Леди полночь (ЛП) - Клэр Кассандра (полные книги TXT) 📗
Взглянув на гордую своими друзьями Эмму, Кристина заметила:
– Ты уже рассказывала о Тае. Он любит животных.
Эмма кивнула.
– Он вечно где-то пропадает, следит за белками и ящерицами. – Она махнула рукой в сторону пустыни, раскинувшейся за Институтом и тянувшейся до подножия гор, что отделяли побережье от долины, – девственный край без единого дома и безо всяких следов человека. – Надеюсь, ему хорошо в Англии – он наверняка ловит всяких головастиков и лягушачьи лапки…
– Лягушачьи лапки – это еда!
– Не может быть! – отмахнулась Эмма и пошла дальше.
– Французское блюдо! – настаивала Кристина.
Эмма открыла следующую дверь. Комната была выкрашена точно в такой же оттенок синего, который днем заливал безоблачное небо. По утрам стены сливались с заоконным пейзажем и казалось, будто спальня парит в бесконечной синеве. На стенах красовались причудливые узоры, а на той, что смотрела на пустыню, был нарисован замок, окруженный высокой стеной терновых деревьев.

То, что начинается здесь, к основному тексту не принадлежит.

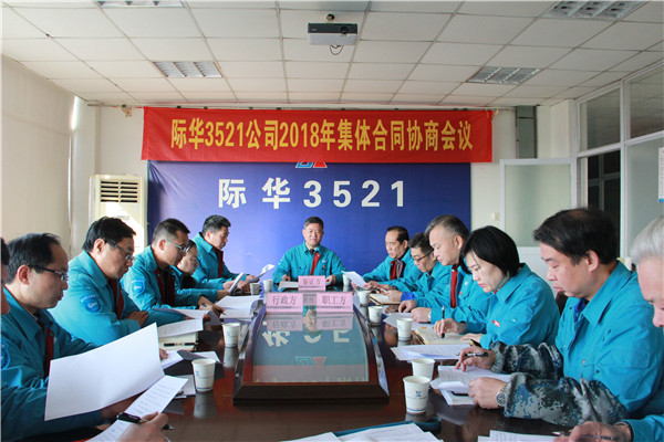 际华3521公司在贯彻集团年会精神中,将党的群团优势转化为企业人本优势,维护职工主体地位和合法权益,让员工过上体面生活,尊严感、幸福感、荣誉感和归属感进一步增强。在是日举行的集体协商中,以总经理为首席代表的行政方7名代表和以工会主席为首席代表的职工方7名代表,在党委书记鉴证下,根据《劳动合同法》和《工会法》、《集体合同规定》等法律法规,就劳动报酬、工作时间、休息休假、劳动安全卫生、职业培训、保险福利等事项进行平等协商。

К нему, наклонив голову, скакал принц со сломанным мечом в руке.
– Спящая красавица! – догадалась Кристина. – Правда, мне эта сказка не казалась такой печальной, да и принц не терял надежд. – Она посмотрела на Эмму. – Джулиан часто грустит?
– Нет, – ответила Эмма, едва расслышав ее вопрос.

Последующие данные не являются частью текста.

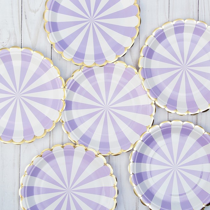 Тарелка бумажная "Полоска" цвет сиреневый и белый (набор 6 шт)

Она не заходила в комнату Джулиана со дня его отъезда. Похоже, он не успел прибраться: на полу валялась одежда, на столе – неоконченные наброски. На тумбочке даже осталась кофейная чашка, содержимое которой давно покрылось плесенью.
– По крайней мере, депрессивным его не назовешь.
– Депрессивный и печальный – не одно и то же, – заметила Кристина.
Но Эмме не хотелось думать о том, как Джулиан грустит. Момент был неподходящий. Скоро он вернется домой. Уже перевалило за полночь, поэтому, формально говоря, он приедет уже завтра. Эмма почувствовала, как по коже от радости пробежали мурашки.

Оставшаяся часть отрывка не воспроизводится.